Sorry for the confusion.
 
No need to apologise, I understood the point you're making, SR but I wanted to stress the logic behind British approach to torpedo aircraft. The TBD was a trailblazer and that's often forgotten because its reputation suffered in WW2, but the British didn't go that way for a reason in designing torpedo aircraft is all. My point wasn't to criticise yours.

But if the Japanese were only revealing to the world a new biplane torpedo bomber to the world in 1938 when the Skua was being introduced into service perhaps the British thought they had more time.

The problem was that those slow lumbering torpedoplanes wouldn't be operating in a vacuum, any strike against British carriers would be carried out in conjunction with fighter support because such slow torpedo and dive bomber aircraft would be vulnerable to enemy fighters, be they Skuas, Hawker Nimrods or Sea Gladiators. In the late 30s the Japanese had the Mitsubishi A5M, which was an all-metal monoplane with fixed gear and open cockpit, with performance that suited its vintage, but was still better than any other carrier fighter in the world in 1937 when it entered service, although the British had long ceased receiving intelligence from its sources in Japan by then, so its capabilities were not exactly known.

I suspect the British motivation was more about funding than any operational considerations; the FAA was just not the highest priority in the early to mid 1930s Air Ministry defence budget.

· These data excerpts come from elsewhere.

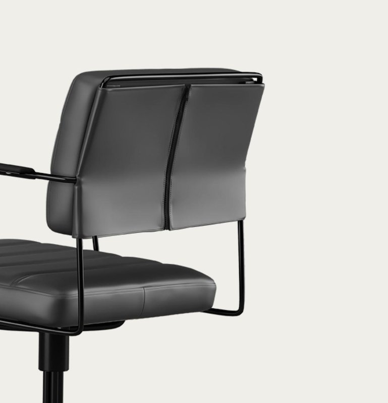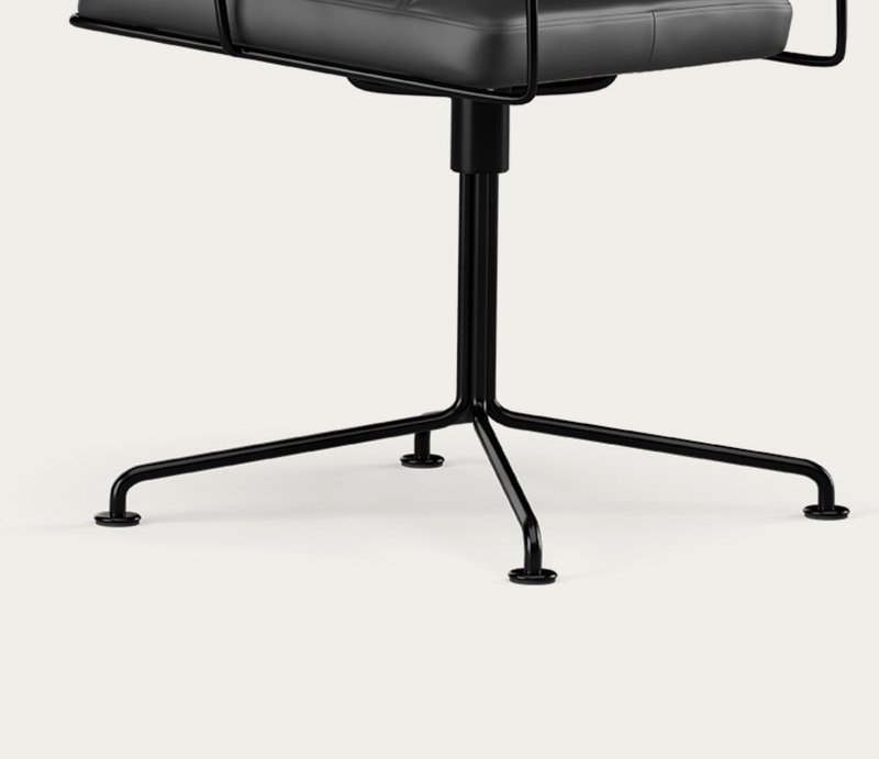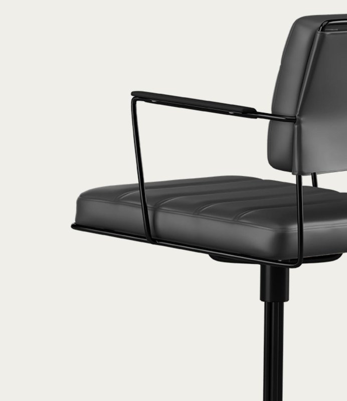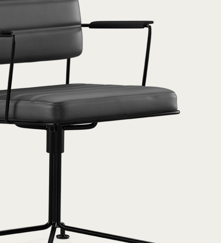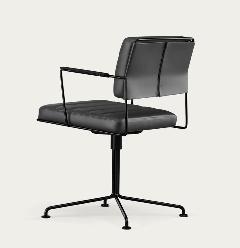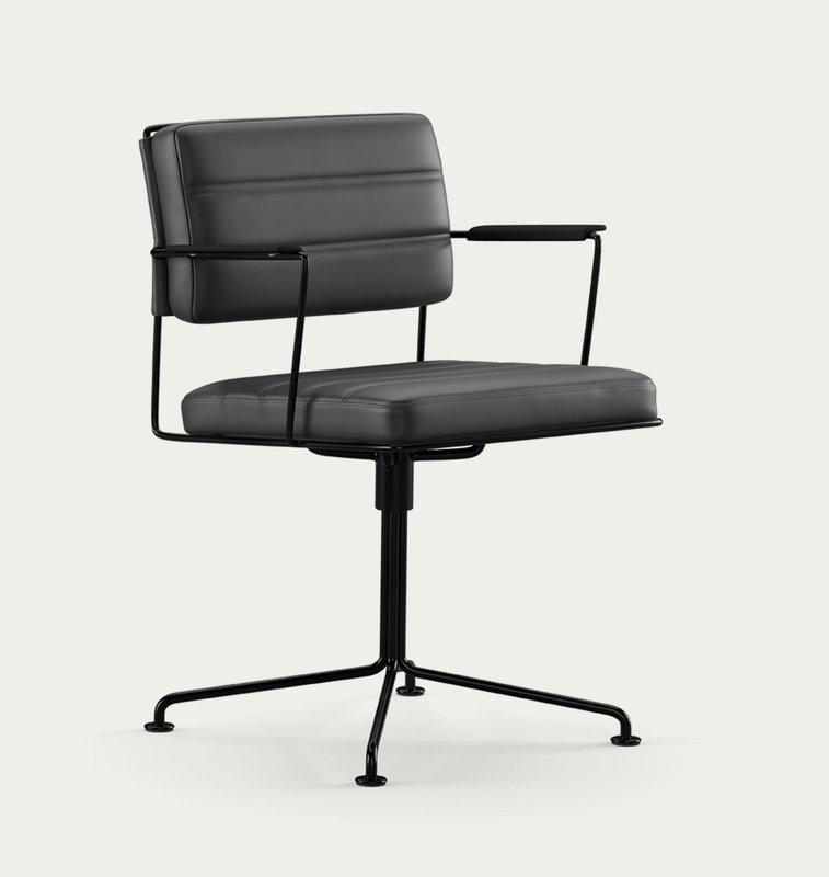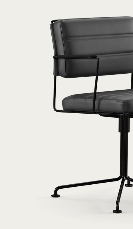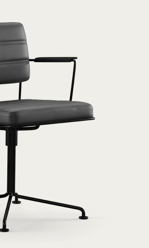 Henrik Tengler Time Chair Frame: Black, Upholstery: Black For One Collection The Time Chair, designed by Henrik Tengler in 2012, is a dynamic and comfortable conference chair. Its design deliberately diverges from passing trends, instead embracing the cosmopolitan functionalism of the Bauhaus period. The chair features an innovative steel construction that balances aesthetics and strength while maintaining a minimalist appearance. Its ergonomic design ensures a comfortable and supportive seating experience throughout the day. The Time Chair is available in either chrome or black-painted steel with upholstery in leather or textile. Additionally, you can choose between two configurations: one with four legs and a swivel function or another with five legs, wheels, and an adjustable seat. General Info Design by: Henrik Tengler Year: 2012 Dimensions: W 57cm x D 55cm x H 80cm Seat height: 46cm Specifications Model and materials: HT 2012 Chrome or black painted, 4-star frame with feet, incl. swivel. Upholstery: Fabric or leather. To the naked eye, the Time Chair may appear simple and minimalist in its appearance. However, behind its simplicity lies a design that pushes the boundaries of how a chair can be composed.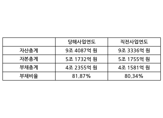 또한, 이번사업연도의 자산총계는 9조 4087억 원으로 직전사업연도 대비 0.8% 증가한 한편, 부채총계는 4조 2355억 원으로 1.86% 증가, 자본총계는 5조 1732억 원으로 -0.04% 감소했다.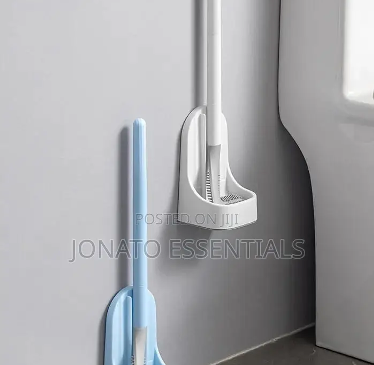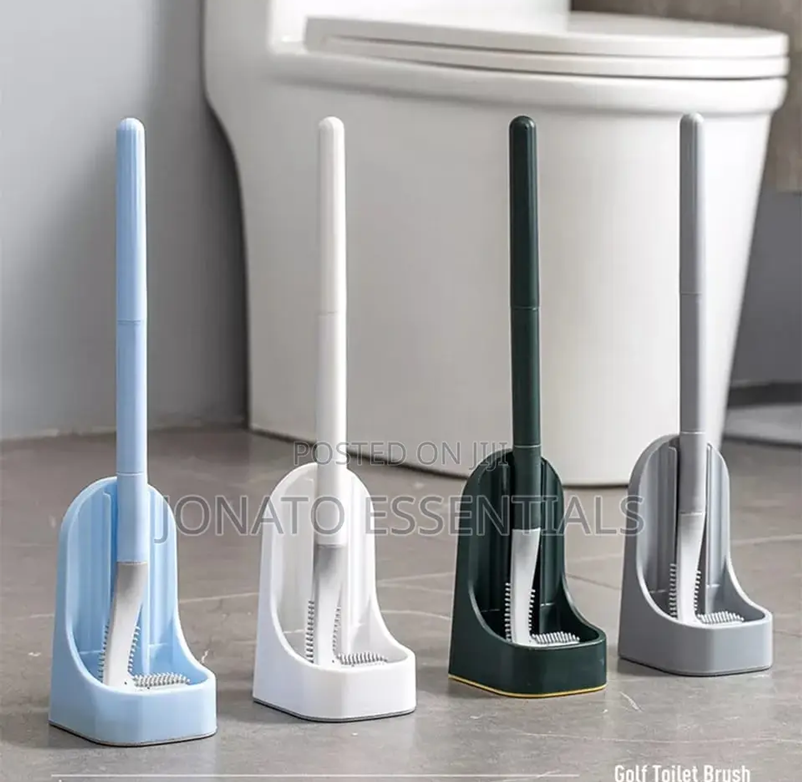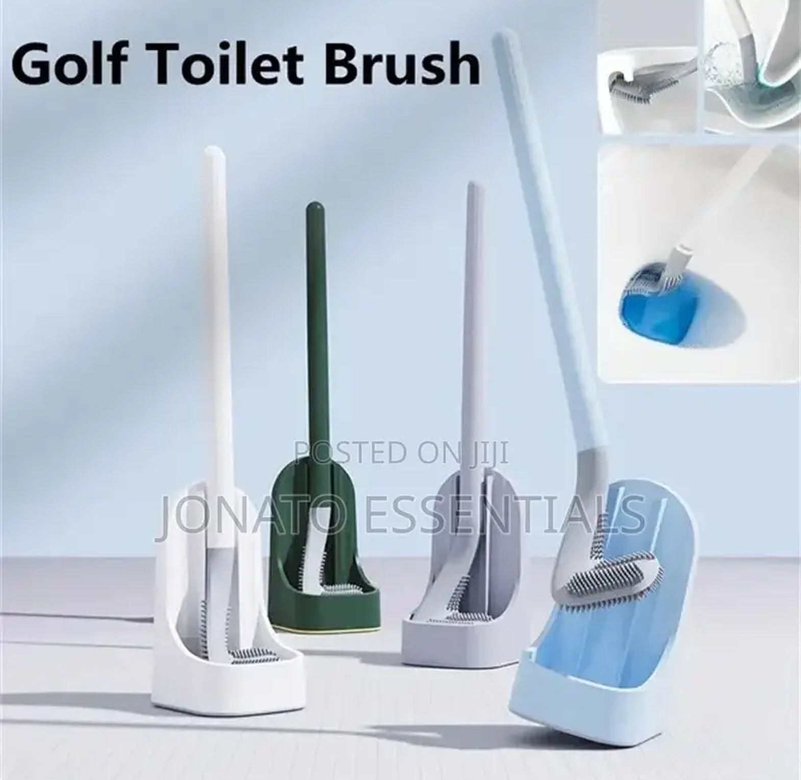 Golf design toilet cleaning brush with holder and long handle plus a base that you can remove. thoroughly clean any corner of the toilet: the unique triangle design of the brush head fits the toilet at every angle, leaving no blind spots. can deep clean any corner of the toilet. easy to clean corners and dark grooves. silicone brush head quick drying long-handled toilet brush corner cleaning brush wall-mounted cleaning tool for bathroom toilet.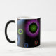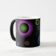 Planetas clandestinos aparecem do nada nesta caneca morfina com uma arte abstrato digital colorida que sugere planetas brilhantes translúcidos com atmosferas brilhantes em meio a gases do espaço exterior.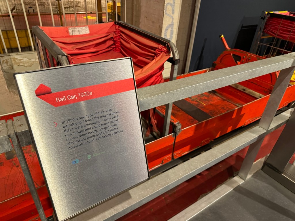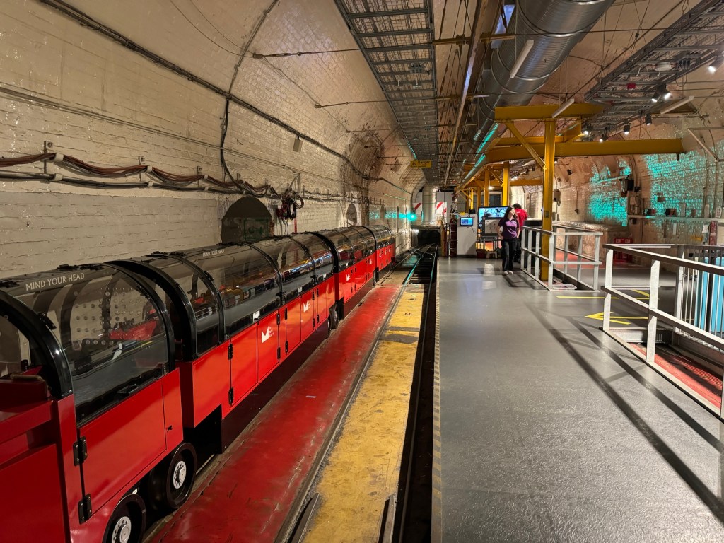 For about 100 years, there was a little train running under London to help deliver the mail, called the Mail Rail. It stopped running in 2003 and they’ve now created a small, people-friendly version that we rode on Friday.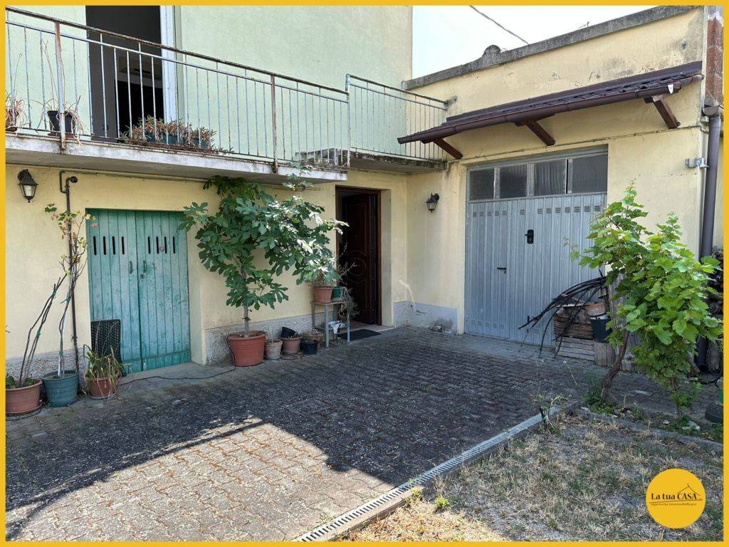 Porzione di bifamigliare disposta su 3 livelli composta da: PT: ingresso indipendente P1: disimpegno, soggiorno con balcone, cucina abitabile e bagno con box doccia P2: disimpegno, due camere da letto matrimoniali e bagno con box doccia. Inoltre al piano terra annessi giardino esclusivo di proprietà, ampio garage con cantina, lavanderia con bagno e posto auto.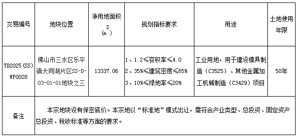 五、有意参与竞买者可于2025年5月26日后登录网上交易系统下载TD2025(SS)WP0028地块的《佛山市三水区国有建设用地使用权网上拍卖出让文件》。
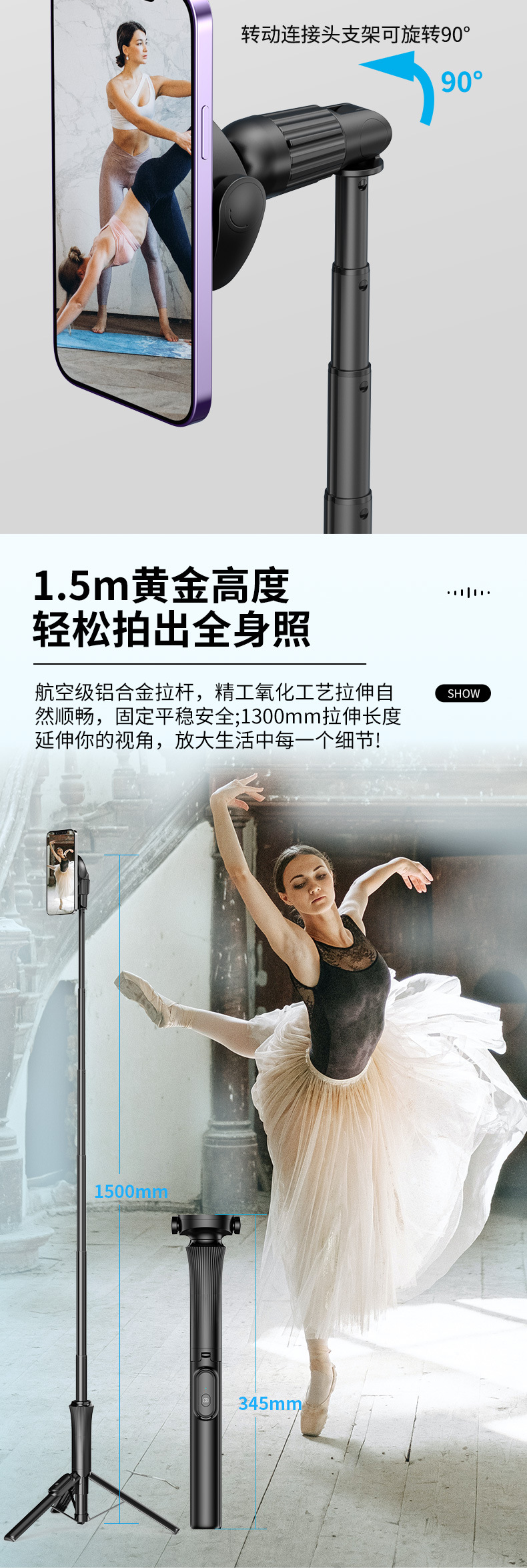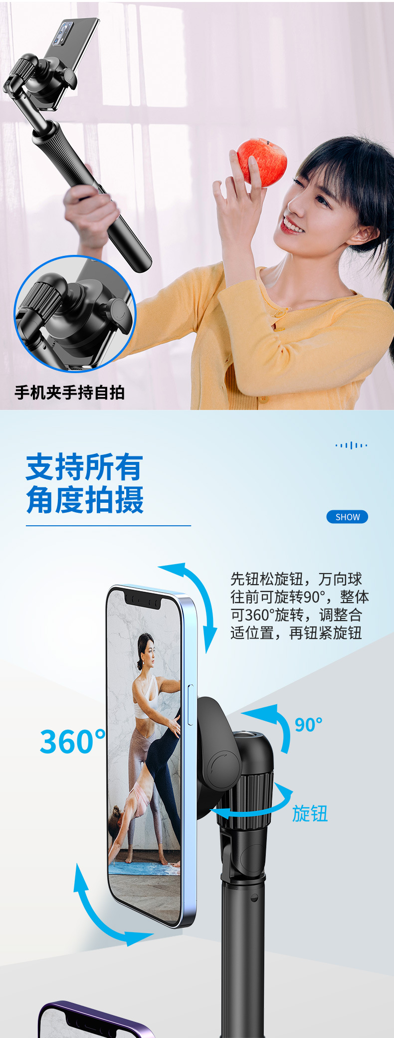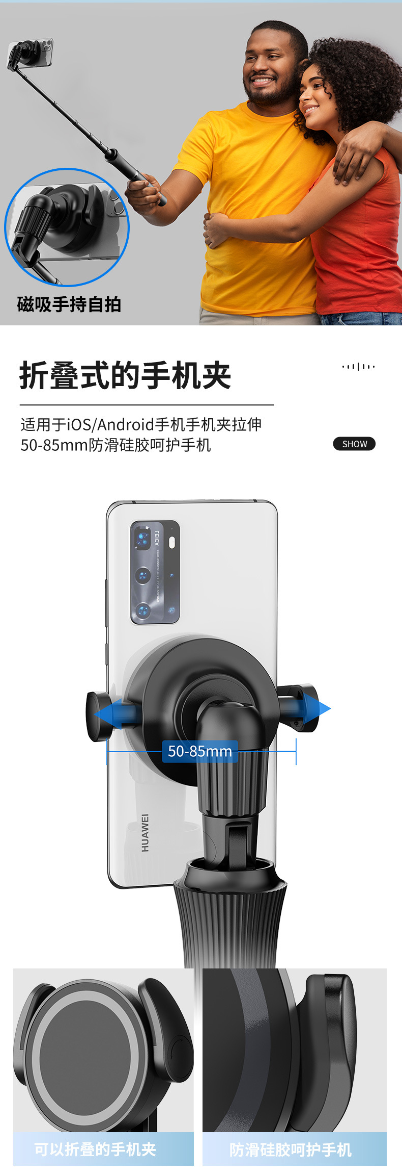 2024 새로운 블루투스 플로어 스탠딩 자기 흡입 셀카 스틱 휴대 전화 홀더 야외 후속 촬영 손떨림 방지 헤드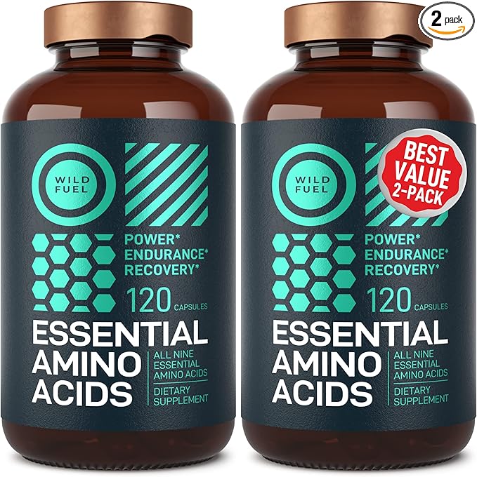 WILD FUEL Essential Amino Acid Complex - Lysine, Isoleucine, Valine, Leucine - All 9 Branch Chain Amino Acids Supplement for Power and Recovery for Women And Men - 60-days Supply, 240 Vegan BCAA Pills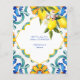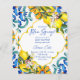 Main squeeze lemons baby shower budget invitation template, Mediterranean Majolica tiles lemons baby shower invitation template, Italian style Capri, Amalfi Coast, Sicilia themed party invitations for summer functions.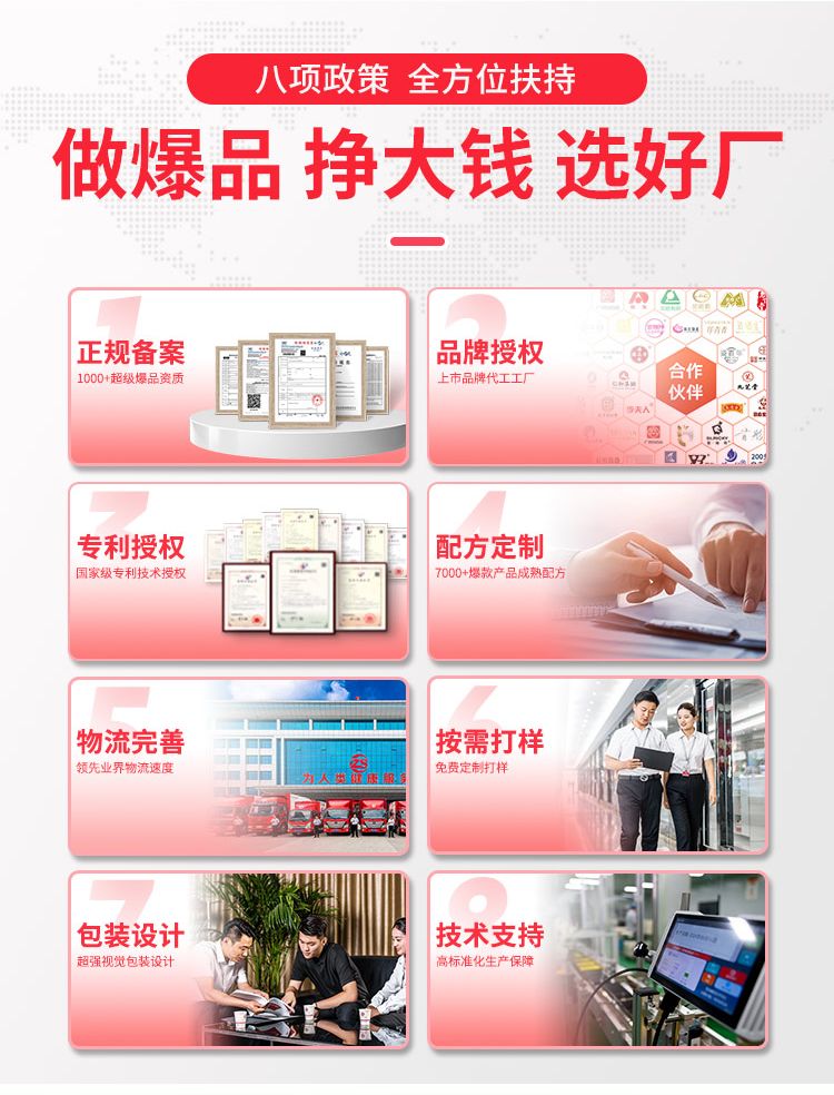 7、品類齊全:300多款成熟配方(妝字號(hào)、械字號(hào)、消字號(hào))免費(fèi)打樣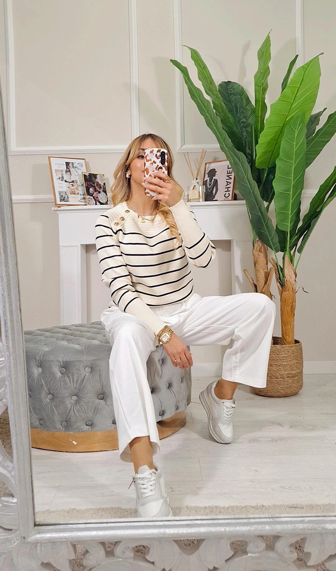 Maglione Raissa- Maglione a righe con bottoni laterali applicati.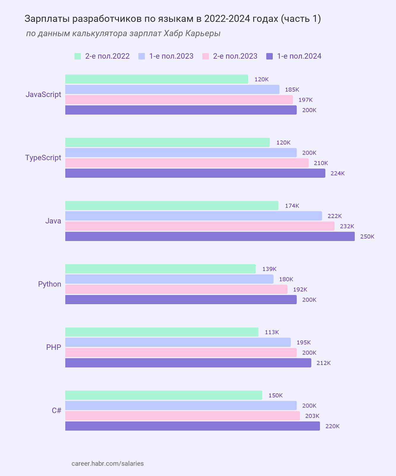 По традиции, после большого исследования зарплат в IT мы смотрим, сколько зарабатывали разработчики разных языков и квалификаций в первой половине 2024 и как их зарплаты изменились по сравнению со вторым полугодием 2023.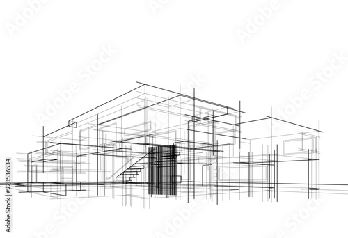 House concept sketch architectural drawing 3d illustration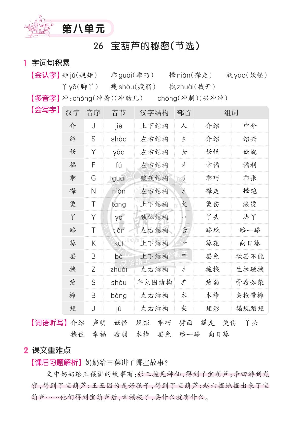 人教版·四年级·语文字词句段、课后习题、语文园地知识点梳理(第八单元)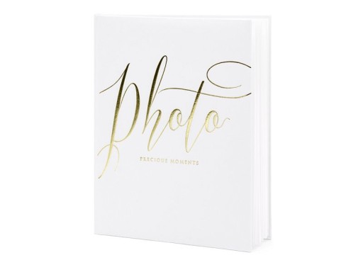 Album na zdjęcia oprawiony papierem w kolorze białym ze złotym napisem Photo, precious moments,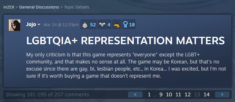 Another posted, “My only criticism is that this game represents ‘everyone’ except the LGBT+ community, and that makes no sense at all. The game may be Korean, but that's no excuse since there are gay, bi, lesbian people, etc., in Korea... I was excited, but I’m not sure if it’s worth buying a game that doesn’t represent me.”
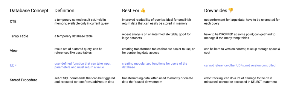 The implementation of UDFs will differ in every database you’re using (fun!), so be sure to check your own DB documentation before using them. But there are a few things they all have in common: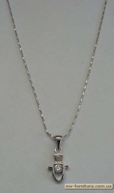 »  »  »  » Кулон цепочка №23 серебро камень белый шляпка (20см)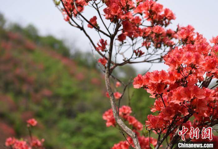 中新网九江4月15日电(郑文斌 胡传丰)芳菲四月,江西九江永修县万亩杜鹃花竞相绽放,吸引众多游客前来赏花拍照,“带火”当地春季乡村游。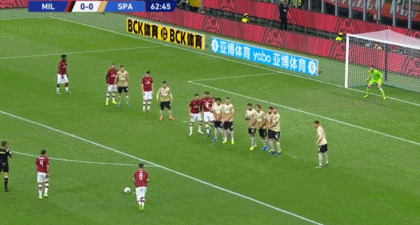 下半场开始后,米兰加强了攻势。第46分钟,特奥打进一球,但因越位在先,进球无效。第61分钟,皮亚特克在大禁区前被放倒,米兰赢得位置不错的任意球机会。刚刚替补登场的苏索尝试任意球直接打门,皮球越过人墙,直接钻进斯帕尔网窝,1-0,米兰终于在主场打破了场上僵局。

By the mid to late 1930s when aircraft like the Bf 109 and Spitfire and Hurricane are receiving interest and orders, this began to push naval personnel to question the wisdom behind the decision not to pursue a decent single-seater order for the FAA. Even before it entered service both Admiralty and Air Ministry representatives believed the Skua to be bordering on obsolete and would be completely so by 1940.
 
True but the Skua had a lot more firepower than the A5M, a pair of Vickers guns that were slowed by synchronization. The Skua had the four Brownings. They also had twice teh ammo capacity of the 8 gun fighters so they could make more firing passes. Poor substitute but at least something

The Skua and the Japanese torpedo bombers had the exact same defensive fire power. A single Lewis gun firing .303 ammunition (Japanese never changed it) from 97 round drums.

The Fulmar was ordered in 1938 and that should have taken care of any improved torpedo planes/dive bombers that showed up in 1940. Assuming they showed up about 2 years after the latest biplanes.

I agree that the RN was held back by the lack of funding. The Skua not only never got an improvements in any role, it never got an actual bomb sight, let alone a bomb release system.
They had been fooling around with a system (or several) that would do some of the things the Ju 87 system would.
I have yet to see a photo of the Skua with gunsight. There was supposed to be a ring and bead (how 1917 can you get in 1938?) but trying to use a ring and bead as a bombsight is not going to give good results. Apparently the Air Force thought that dive bombing was a passing fad and all true bombers, of whatever size should use level bombing from 6,000ft or more.

Penny wise and pound foolish. Buy the planes, put them on expensive ships. train crews. Don't buy gun sights or bombsights?